# Stored dataset items
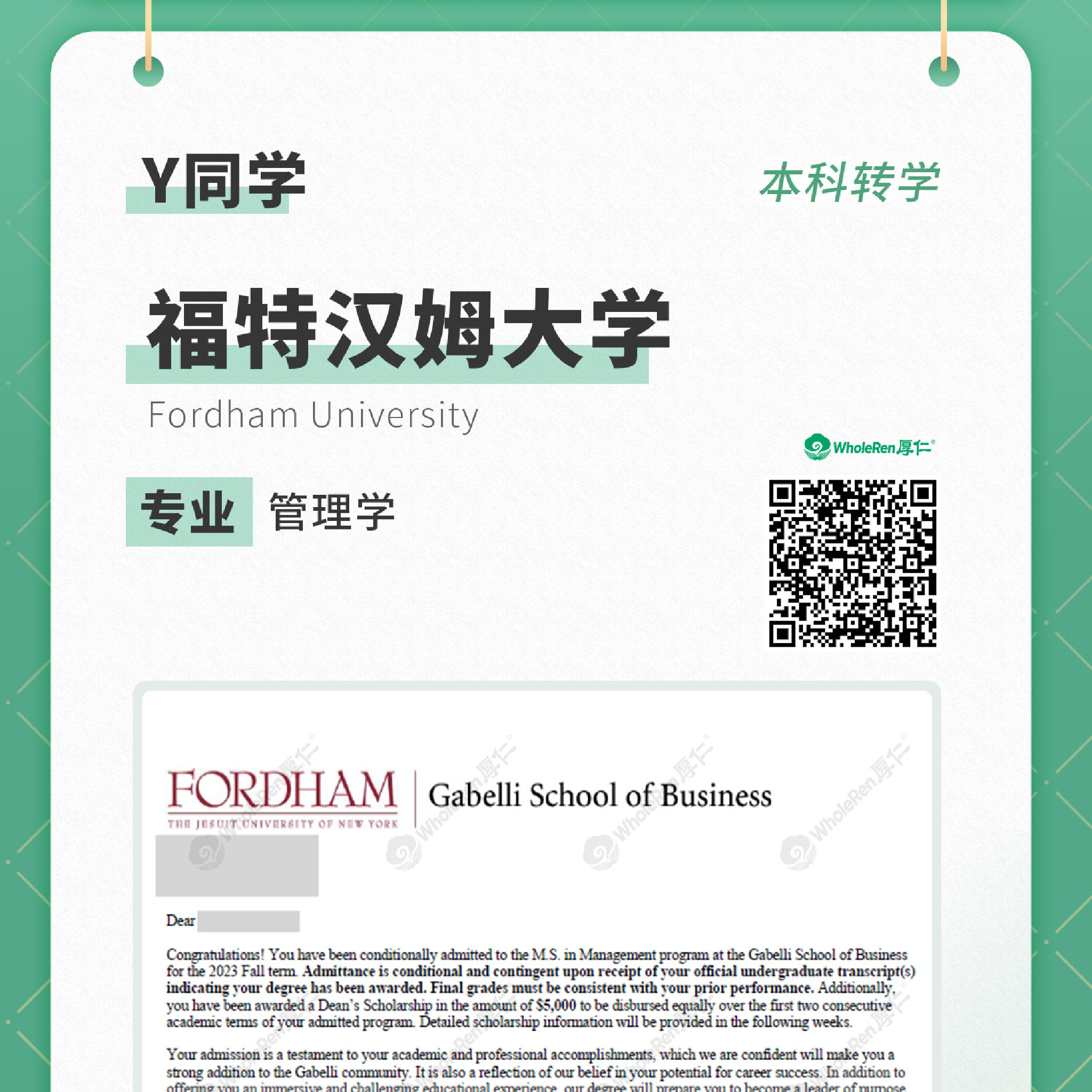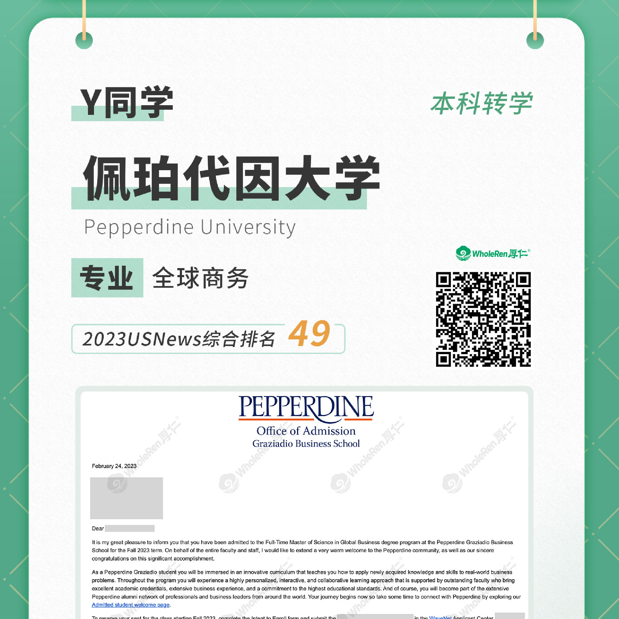 本科转学-Y同学录取佩珀代因大学-全球商务
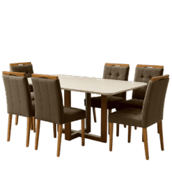 Mesa Atlas Mel/Off White Canto Copo 160×80 com 6 Cadeiras Sophia Veludo Marrom – ART ASSENTOS + WM DECOR
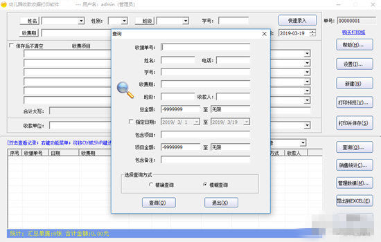 3、收据记录可保存、修改、删除、查询统计等管理操作
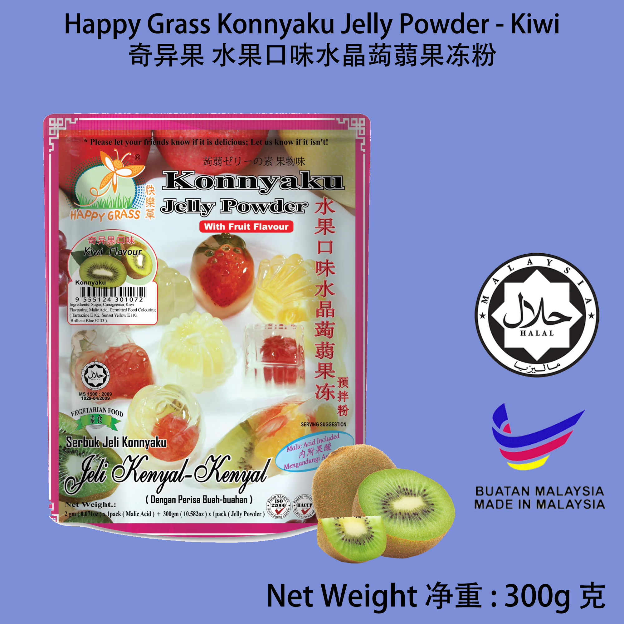 Product Name 产品名称: Happy Grass Konnyaku Jelly Powder Kiwi 快乐草 蒟蒻果冻粉 奇异果味 Net Weight 净重 : 300g 克
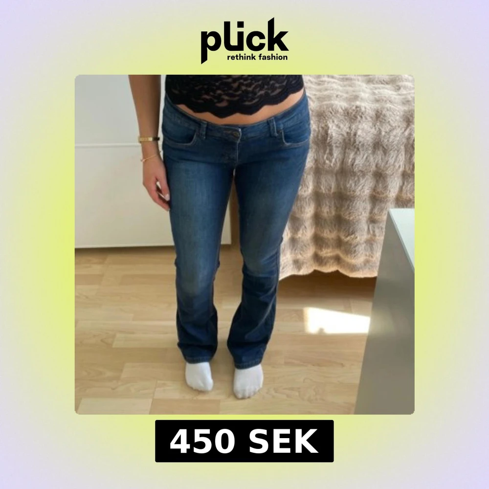 Snygga blå jeansbyxor med en klassisk design. De har en normal passform och är perfekta för en avslappnad stil. Byxorna har en knapp och dragkedja framtill samt fickor både fram och bak.

# Task item
If pictures appear, drop them, and retype exactly the lines from the "Mesa Atlas Mel/Off" line through the last line of the data above.

# Task solution
 Mesa Atlas Mel/Off White Canto Copo 160×80 com 6 Cadeiras Sophia Veludo Marrom – ART ASSENTOS + WM DECOR
 3、收据记录可保存、修改、删除、查询统计等管理操作
 Product Name 产品名称: Happy Grass Konnyaku Jelly Powder Kiwi 快乐草 蒟蒻果冻粉 奇异果味 Net Weight 净重 : 300g 克
 Snygga blå jeansbyxor med en klassisk design. De har en normal passform och är perfekta för en avslappnad stil. Byxorna har en knapp och dragkedja framtill samt fickor både fram och bak.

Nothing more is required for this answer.